◆ What is expected ◆
Taking each line of the material below in turn, count those containing the string "Gemeinde". Provide the number alone.

◆ Data for this task ◆
-- -- --
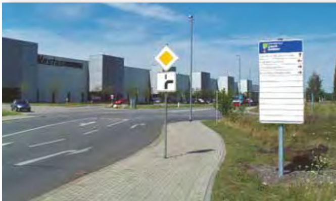
Einfahrt zum Industriepark
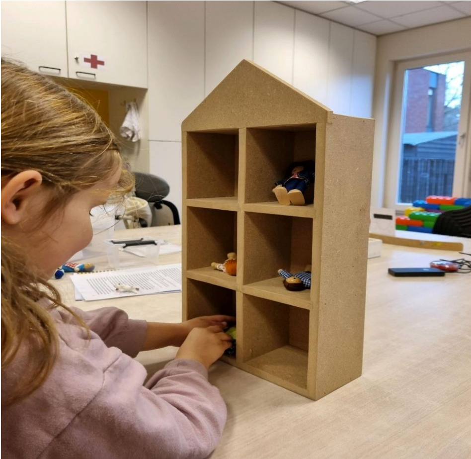
Spelenderwijs braille leren met het braillepoppenhuis.
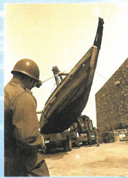
第1展示室に搬入される タイシバリアミ真網船 (全長15.2m)

「瀬戸内海及び周辺地域の漁撈用具」(2,843点)が国の重要有形民俗文化財に指定される
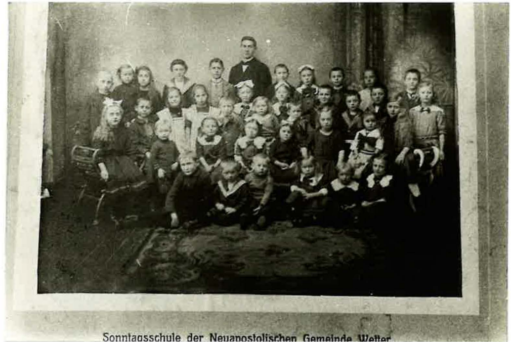
Sonntaasschule der Neuanostolischen Gemeinde Wetter

Im Jahre 1915 wird die Gemeinde dem Priester Alwin Lütgarth anvertraut. Er war am 30. Mai 1909 durch Apostel Bornemann versiegelt worden und konnte am 29. Januar 1911 ebenfalls durch Apostel Bornemann das Unterdiakonenamt empfangen. Das Priesteramt erhielt er am 19. Juli 1914 im Alter von 27 Jahren.
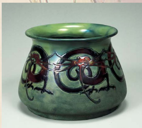
「ハンガリーの陶器(鉢)」京都高等工芸学校図案科の教材・標本として購入・収集された陶器
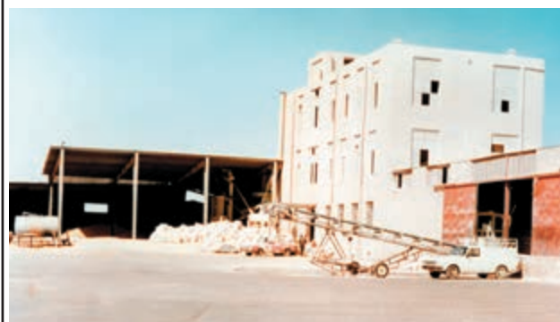
شکل ۳-۳- نوع دیگر انبار
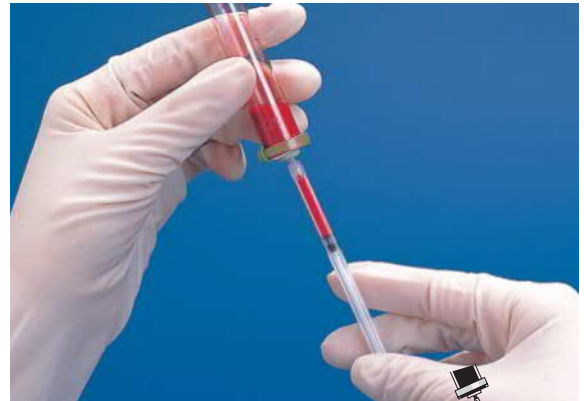
150 \mu Lの全血検体を検体滴下用シリンジにとります。(シリンジの線まで全血検体をとると150 \mu Lになります)
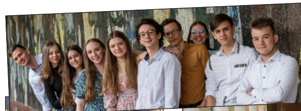
A 316_dicsi_énekegyüttes tagjai (balra)

Változás? ... Miért gyökeres? ... Miért nem inkább látványos? ... Nem az fog változást hozni az életedben, amit te gondolsz magadról, hanem az, amit Isten tervezett!
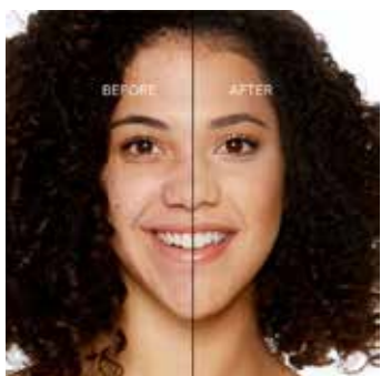
LIGHT BEIGE - Claro con Subtono Neutro a Rosado
-- -- --
◆ Output below ◆
2